=== Data ===
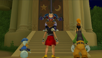 | Riku pays a visit to the Land of Departure, his promise to Terra fulfilled. Together, Terra, Aqua, and Ventus don their Keyblade Armor and head off into the Realm of Darkness to search for Sora. | ||
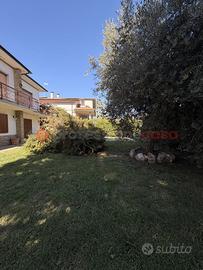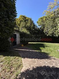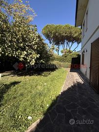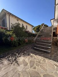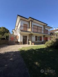 L'immobile del piano terra ha subito una recente ristrutturazione completa con materiali di pregio (impianti, infissi, rivestimenti). Si sviluppa su una superficie di 216 mq catastali dove troviamo ingresso con ampio salone doppio, disimpegno, cucina abitabile con lavanderia, altra salone-pranzo, due camere matrimoniali e doppi servizi. Dispone di vari accessi al bellissimo e curato giardino e al portico. Pavimenti in gres nella zona giorno e parquet in Teak nelle camere, infissi in legno-alluminio con vetrocamera, impianto di allarme, aria condizionata e solare termico e videocitofono Btcino.
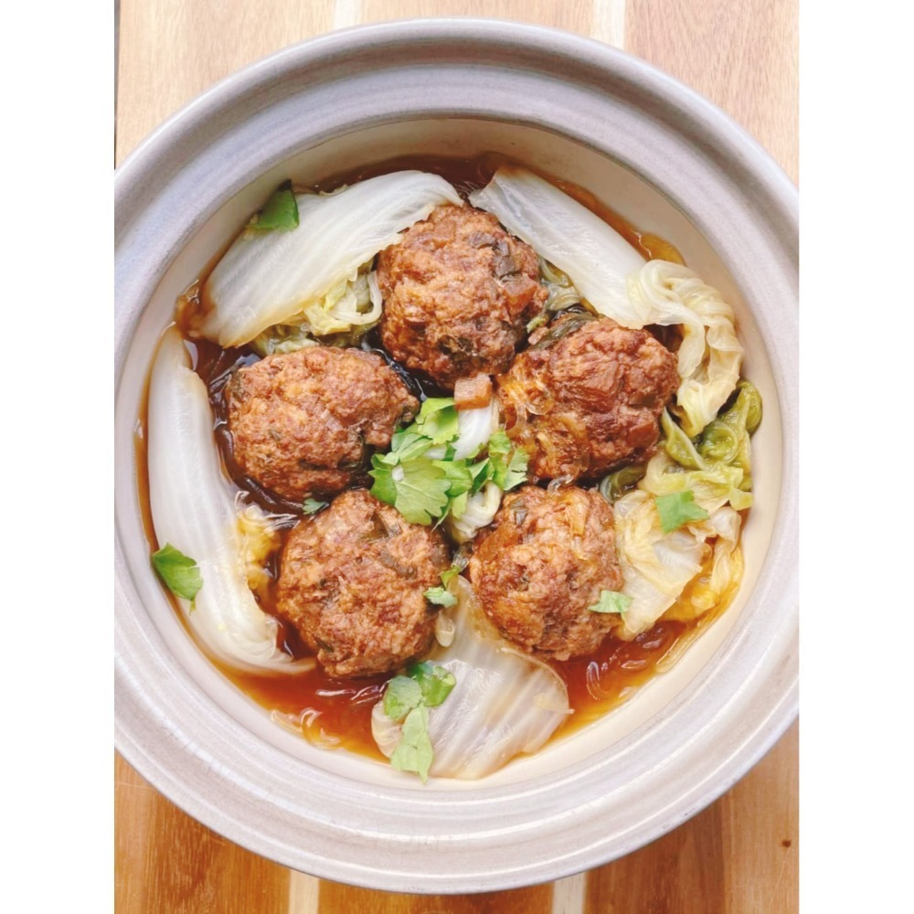 也可以煮成火鍋,先把大白菜煮軟,再加獅子頭&快煮的冬粉,就是ㄧ鍋美味的料理了

=== Problem to work on ===
In your copy, leave out the pictures and reproduce the material above exactly.

=== Answer section ===
 | Riku pays a visit to the Land of Departure, his promise to Terra fulfilled. Together, Terra, Aqua, and Ventus don their Keyblade Armor and head off into the Realm of Darkness to search for Sora. | ||
 L'immobile del piano terra ha subito una recente ristrutturazione completa con materiali di pregio (impianti, infissi, rivestimenti). Si sviluppa su una superficie di 216 mq catastali dove troviamo ingresso con ampio salone doppio, disimpegno, cucina abitabile con lavanderia, altra salone-pranzo, due camere matrimoniali e doppi servizi. Dispone di vari accessi al bellissimo e curato giardino e al portico. Pavimenti in gres nella zona giorno e parquet in Teak nelle camere, infissi in legno-alluminio con vetrocamera, impianto di allarme, aria condizionata e solare termico e videocitofono Btcino.
 也可以煮成火鍋,先把大白菜煮軟,再加獅子頭&快煮的冬粉,就是ㄧ鍋美味的料理了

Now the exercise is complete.